If you see this in your software company,
RUN AWAY NOW
Everything evolves constantly in software business.  Nothing stays in one place.  CPU power per cost increases, new product gets introduced, consumer taste changes and all vendors innovate like hell.  In the software industry, if you have a stale product, you are in fact getting behind.  Either you innovate and make head ways or you fail to innovate and get deteriorated then perish.  There is no such thing as staying 'on the course' to maintain the status quo in software business.

And the speed of innovation has been increasing.  We now expect software to be updated constantly, not in every 6 to 9 month cycle.  With iPhone App Store and hosted services (SaaS), we download updated application every week.  Testing out the new feature from the latest update made a few days ago is a new norm in software business.

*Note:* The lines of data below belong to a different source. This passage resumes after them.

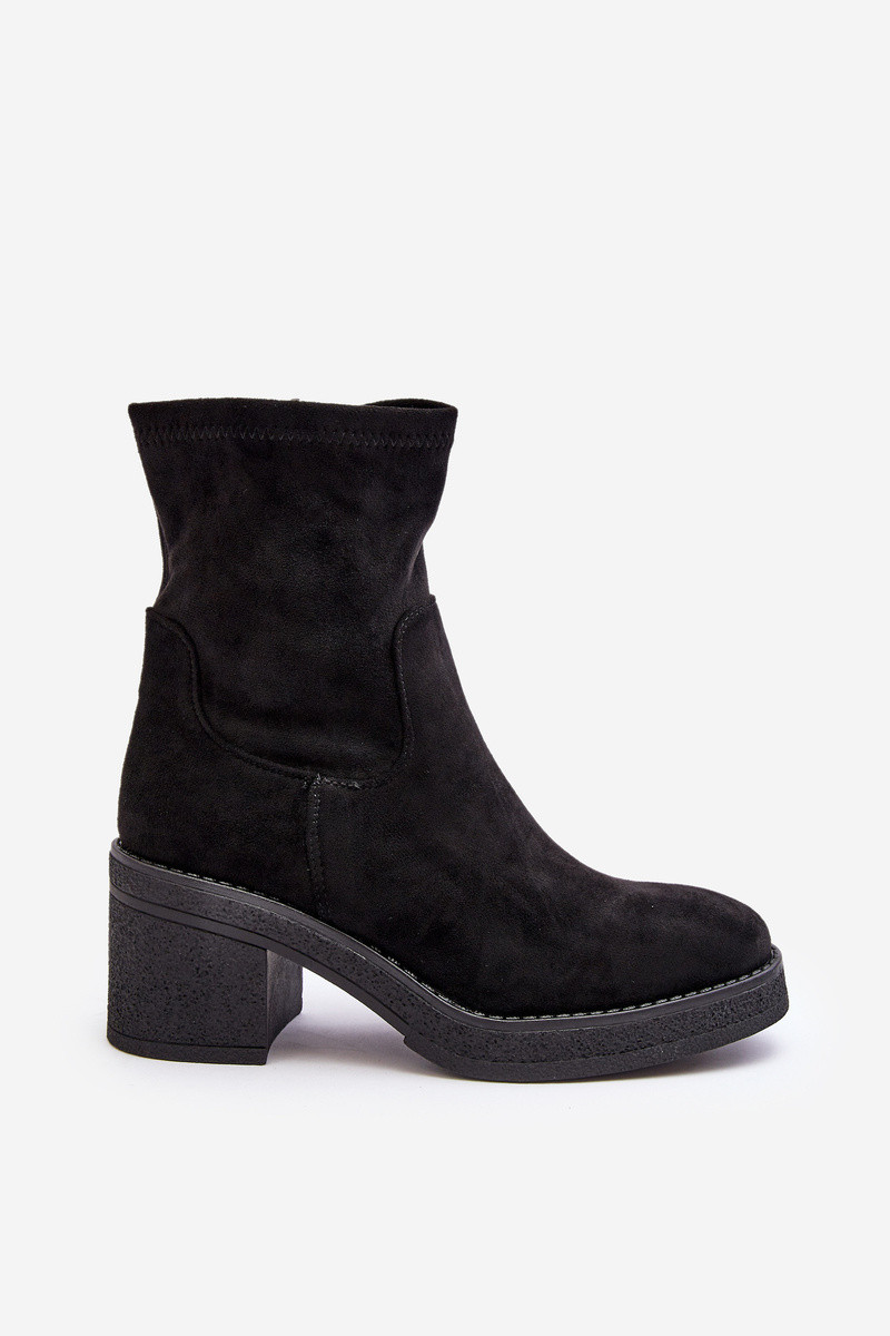 Klasické dámské botky, které lze kombinovat s mnoha podzimně-zimními outfity! Vyrobeno z ekologického semiše. Umístěno na podpatku ve tvaru sloupku. Zakulacené špičky. Částečně vyloženo obuvním polštářkem. Určitě je musíte mít! Při výběru velikosti se řiďte tabulkou velikostí.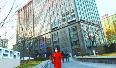29日下午,位于东城区朝阳门街道上的凯恒中心B座大楼门前,穿着厚外套和正装的人们进进出出,大门如??拧R宦サ男前涂丝Х鹊昀?,有不少大厦里的员工和客户在喝咖啡、聊天。楼里楼外的员工中,没有人戴口罩。楼前楼后,也没有任何隔离标志。
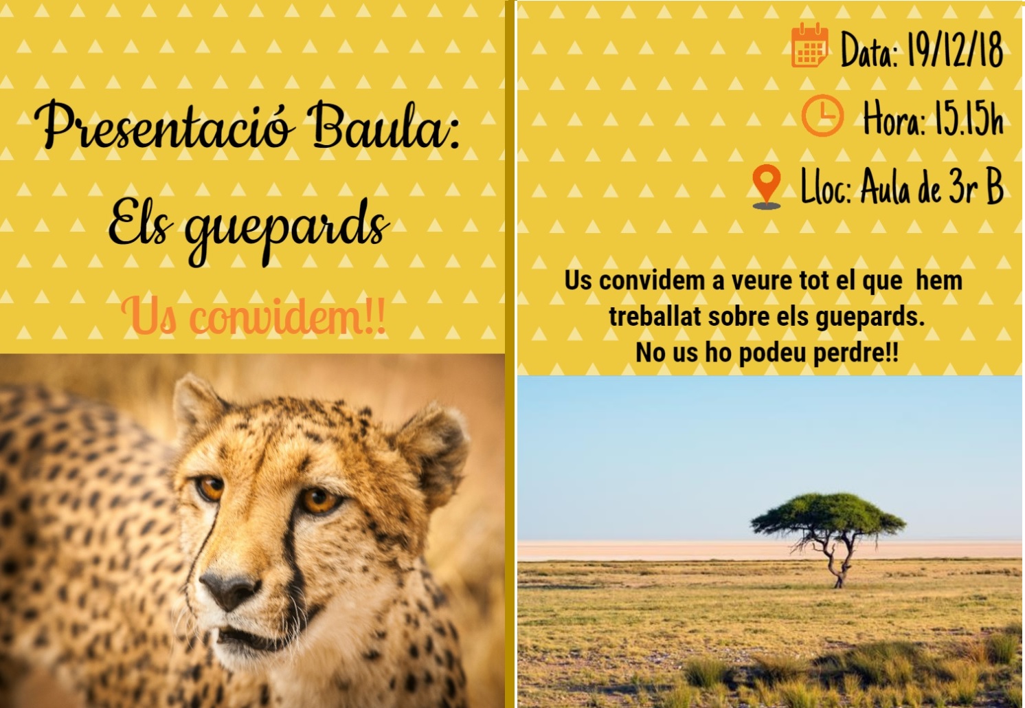 3r: famílies a classe Feu un comentari / 3r Informació Setmanal Portada / Per admin A 3r ja hem acabat les nostres baules del primer trimestre i volem convidar a les nostres famílies perquè vingueu a veure tot el que hem treballat sobre les nostres baules (animals i guepards). No us ho podeu perdre!

This becomes evident if you look at today's webpage and compare that with web pages from several years ago.  Take a look at how Yahoo page used to look back in 2004:


You'll notice that the page looks static from today's standard.  Widgets are not updating with up-to-minute updates via AJAX and page is not refreshing as and when my friend shares something about the page.  Thanks to Facebook, Twitter and Google, we come to expect that our web pages get updated in real-time and act like applications.  In fact, the line is really getting blurred between application and web pages.  Most mobile applications are web pages that are custom built for the device platform.  At the same time, web pages are becoming more like applications where they react to user events and push out latest updates.

Because everything is changing, if anyone who wants to stay in the market must change.  If you are standing still, you are getting behind.